А машины остановились, из первой вышел офицер, и соскочило несколько солдат. Показывая на меня пальцами, они хохотали и шли ко мне. Первым шел офицер. Он улыбался и что-то говорил. Я видел, как на меня надвигается огромная фигура немца, и заревел еще сильнее. А он нагнулся, взял за шкирку и, вытащив меня из грязи, понес к нашему дому. Мои бурки остались на дороге и я, болтая босыми ногами, кричал и показывал руками на них. Я помнил, что мне грозило за их потерю. Офицер, что-то прокричал, и кто-то из солдат, забежав вперед, сфотографировал нас всех на фоне машин, а затем, смеясь, достал из грязи мои бурки и отдал офицеру. Он брезгливо взял их левой рукой и вошел во двор.
На крыльце, испуганно прижимаясь друг к другу, стояли моя мать, баба Катя и Мария. Немец что-то сердито и громко говорил, показывая то на меня, то на них, то на дорогу. Кроме слов "киндер, нихт, матка, яволь, ферштейн" никто ничего не понимал и от этого всем было еще страшней.
Мать моя несколько раз пыталась кинуться ко мне, но хлесткое "хальт" останавливало ее, и она только таращилась на меня широко раскрытыми глазами. Я перестал реветь и только водил глазами по всем лицам. Потом немец со словами "киндер, матка, нихт, ферштейн" опустил меня ногами в бурки и отпустил. Я сразу побежал на крыльцо и спрятался за всеми нашими. Немец еще что-то сказал, смеясь, солдаты загоготали, и все ушли.
И пока не заурчали машины и не уехали с нашей улицы, все окаменело стояли на крыльце.. Затем моя мать схватила меня и зажав меж колен, начала шлепать по заднице. Я заорал. Баба Катя вырвала меня из ее рук и со словами:
- Ты что? Совсем рехнулась!- ушла со мной в другую комнату.
А мать рухнула коленями на пол и, уткнувшись в кровать, громко заголосила, причитая что-то.

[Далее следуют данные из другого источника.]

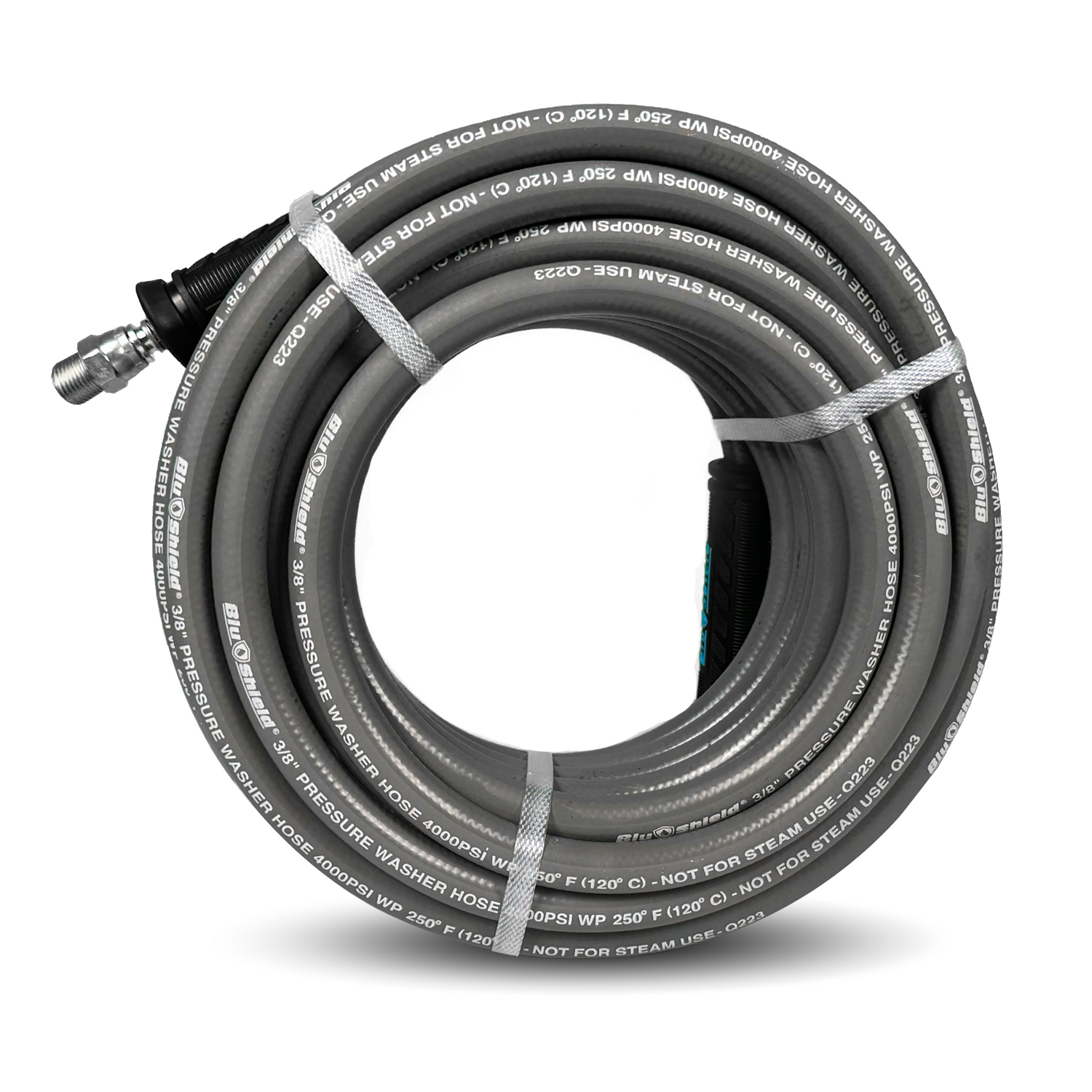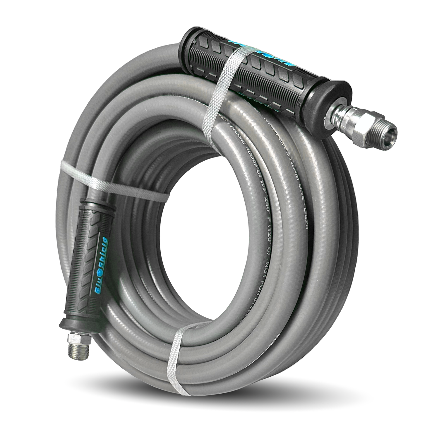 BluShield Single Wire Pressure Washer Replacement Hose is specifically designed to deliver exceptional performance and durability, ensuring a powerful and efficient cleaning experience every time. Crafted with a high tensile single wire steel braided construction, this pressure washer hose guarantees superior strength and longevity. Its high-strength rubber cover provides excellent protection against abrasions and other external damages, allowing for long-term use even in demanding environments. This hose is designed for both hot and cold water use, enabling you to tackle a wide range of cleaning tasks with ease. Included 3/8-inch swivel and fixed male NPT fittings made from rust free Stainless Steel. New ergonomic bend restrictor reduces wear and tear on the connector, ensuring a prolonged lifespan for your hose. The hose boasts a 4:1 safety factor with 4000PSI working pressure. BluShield Pressure Washer Hose offers exceptional weather flexibility. It remains flexible and functional in various climate conditions, allowing you to work comfortably and efficiently, whether it's scorching hot or freezing cold outside. This product is engineered for long-lasting performance, designed to meet the needs of demanding users across residential, commercial, and industrial applications.

- Ничего, ничего поплачь, поплачь, не молчи, - говорила баба Катя, а я только глядел на них и испуганно всхлипывал. И чего это она ревет?
Прошло много лет. И вспомнив это, я подумал:
- Ладно, напугались мы все тогда здорово, да и мне перепало немало. Но ведь задержал я тогда колонну немцев почти на полчаса. А вдруг в это время где-то шел бой, и немцам нужна была помощь. На войне иногда минуты решают исход боя, а тут опоздали на полчаса. Так кто ж я тогда? Дитя войны или ее участник! А? То-то! Если бы они об этом здесь знали, точно бросили бы мне масло в кашу! Десять грамм!